If a party makes an application to lift the stay, the commission “will consider whether the order is consistent with the [Appeal Court] judgment,” said the BCSC decision.
BCSC officials said they could not respond to questions Monday, and that included whether the commission had taken stay measures such as these in the past.
The decision to stay the penalties stems from a March 2017 B.C. Court of Appeal ruling that set aside a BCSC tribunal decision that ordered several B.C. residents who had orchestrated a pump-and-dump scheme to jointly pay back $7.3 million in fraudulent earnings.
Husband and wife Thalbinder and Shailu Poonian from Surrey and husband and wife Manjit and Perminder Sihota from Vancouver had appealed, arguing the BCSC tribunal had not established whether each had obtained a profit from the scheme and therefore could not make them jointly liable to pay back the $7.3 million.
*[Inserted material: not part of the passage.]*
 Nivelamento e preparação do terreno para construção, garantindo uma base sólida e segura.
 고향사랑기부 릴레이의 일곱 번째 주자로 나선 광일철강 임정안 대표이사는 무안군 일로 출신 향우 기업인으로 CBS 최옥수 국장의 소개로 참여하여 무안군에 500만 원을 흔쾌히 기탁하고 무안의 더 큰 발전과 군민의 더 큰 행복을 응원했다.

The Appeal Court decided that the commission had not found what amount each of the Poonians and Sihotas had obtained from the pump-and-dump scheme and sent the decision back to the BCSC to make “factual findings” on who profited how much and determine if they should be made to pay back the $7.3 million.
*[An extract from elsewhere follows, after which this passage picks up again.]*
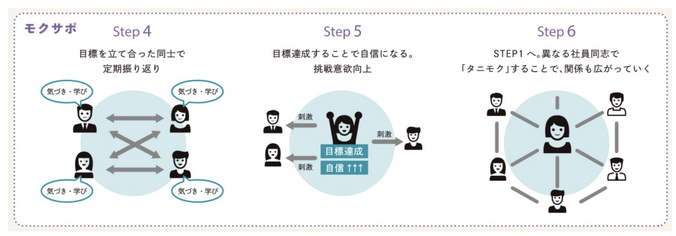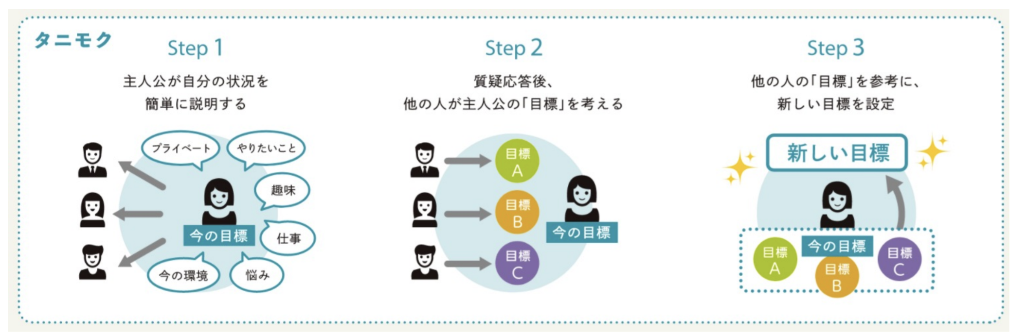 このプロジェクトは、3~4人一組で他人の目標をたてるタニモクと目標をサポートするモクサポを通じて、自分ひとりの頭では思いつかない目標を実現していこうという試みです。
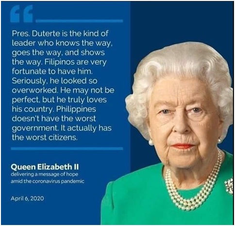 During the whole regime of President Duterte, the Duterte Die-Hard Supporters (DDS) has flooded Facebook with Fake News. Even memes that say Queen Elizabeth II admire Duterte are passed around and believed by his supporters.

A securities commission tribunal re-examined the issue in a hearing on Feb. 14 to determine who profited from the pump-and dump scheme, reserving its decision until a later date.
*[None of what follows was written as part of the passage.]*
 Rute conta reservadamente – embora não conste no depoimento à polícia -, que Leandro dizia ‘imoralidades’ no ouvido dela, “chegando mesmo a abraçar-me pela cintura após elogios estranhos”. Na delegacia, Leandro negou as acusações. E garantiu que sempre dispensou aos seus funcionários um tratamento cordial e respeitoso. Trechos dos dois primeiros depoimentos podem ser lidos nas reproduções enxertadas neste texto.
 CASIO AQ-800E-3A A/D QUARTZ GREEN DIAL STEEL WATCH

The mid-January decision to stay penalties in the wake of the Poonian/Sihota ruling included a $16-million order to pay back the proceeds of a Ponzi scheme perpetrated by Hal (Mick) Allan McLeod (who has since changed his name to Michael Smith), David John Vaughan, Kenneth Robert McMordie (also known as Byrun Fox) and Dianne Sharon Rosiek, outlined in a 2009 B.C. Securities Commission tribunal decision.
Another order that was stayed was for $5.433 million obtained by Theodore Ralph Everett, Robert H. Duke, Micron Systems Inc., and Independent Academies Canada as a result of securities misconduct, according to a 2014 BCSC tribunal decision.
The 2017 Appeal Court decision did not affect separate administrative penalties that were owed by the Poonians and Sihotas totalling $18 million. They have not paid those fines, according to sanction payment status reports.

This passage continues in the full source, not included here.